THE PROBLEM: The data below should be printed in full, exactly, and without any of its images.

SOURCE MATERIAL:
━━━━━━━━━━━━━━━━

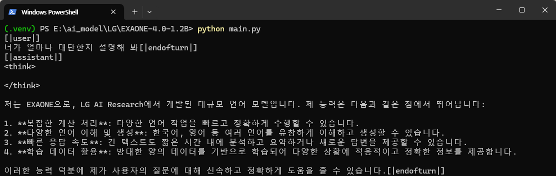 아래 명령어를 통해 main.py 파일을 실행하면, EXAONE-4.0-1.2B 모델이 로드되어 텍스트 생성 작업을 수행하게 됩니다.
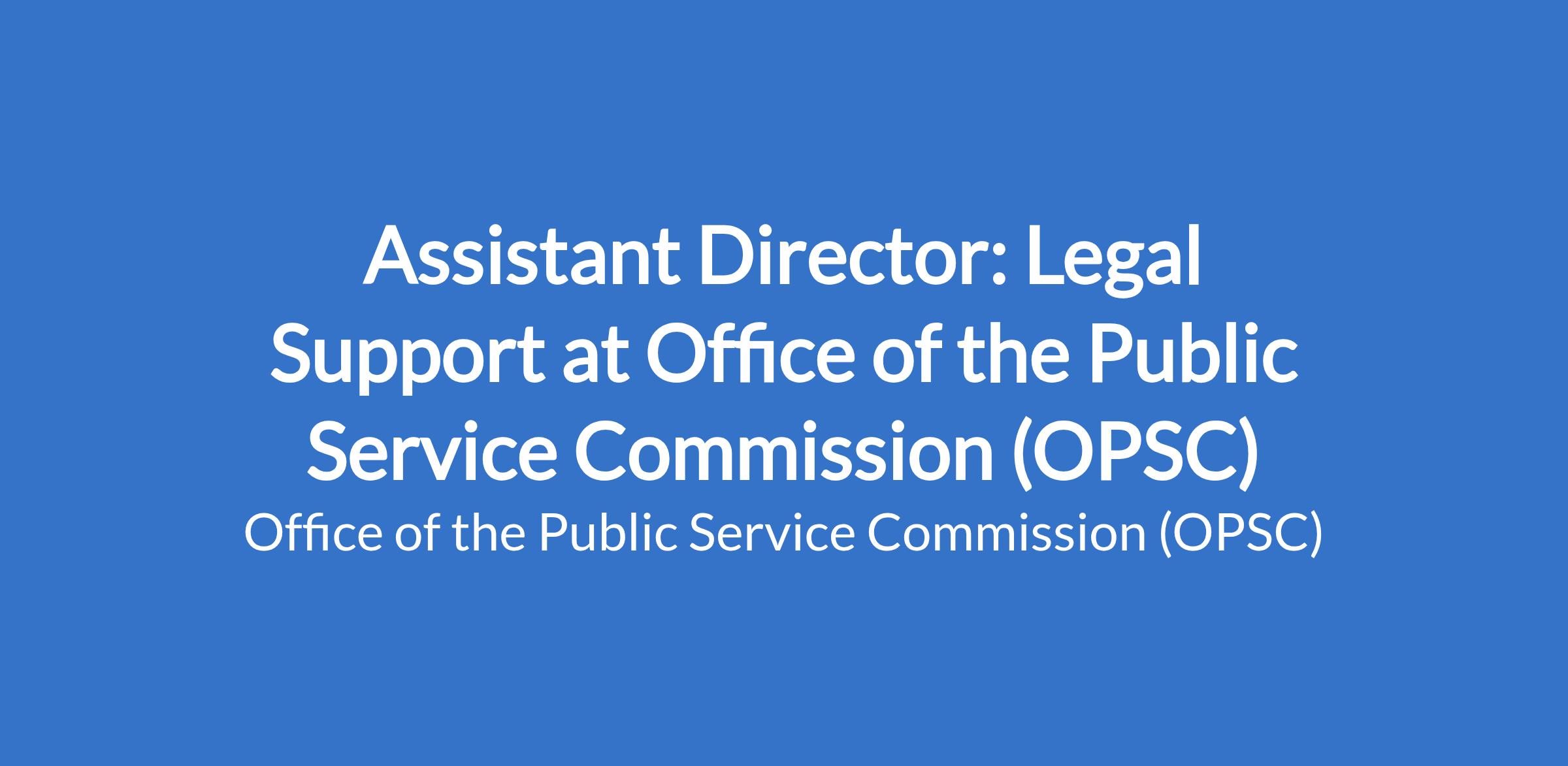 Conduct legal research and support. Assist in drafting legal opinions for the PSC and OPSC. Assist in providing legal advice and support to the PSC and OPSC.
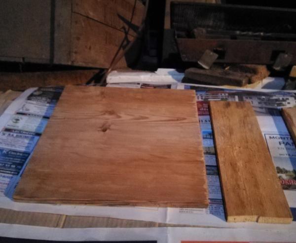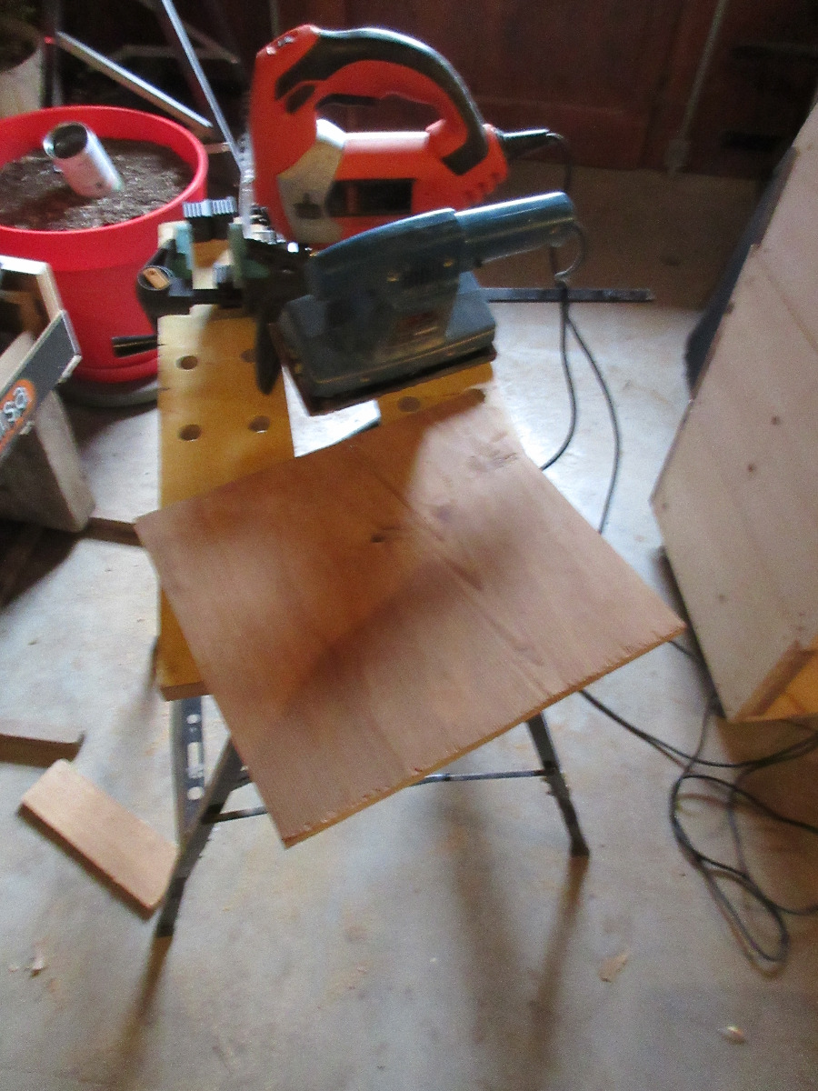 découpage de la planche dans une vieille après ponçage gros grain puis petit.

━━━━━━━━━━━━━━━━

SOLUTION TO THIS TASK:
 아래 명령어를 통해 main.py 파일을 실행하면, EXAONE-4.0-1.2B 모델이 로드되어 텍스트 생성 작업을 수행하게 됩니다.
 Conduct legal research and support. Assist in drafting legal opinions for the PSC and OPSC. Assist in providing legal advice and support to the PSC and OPSC.
 découpage de la planche dans une vieille après ponçage gros grain puis petit.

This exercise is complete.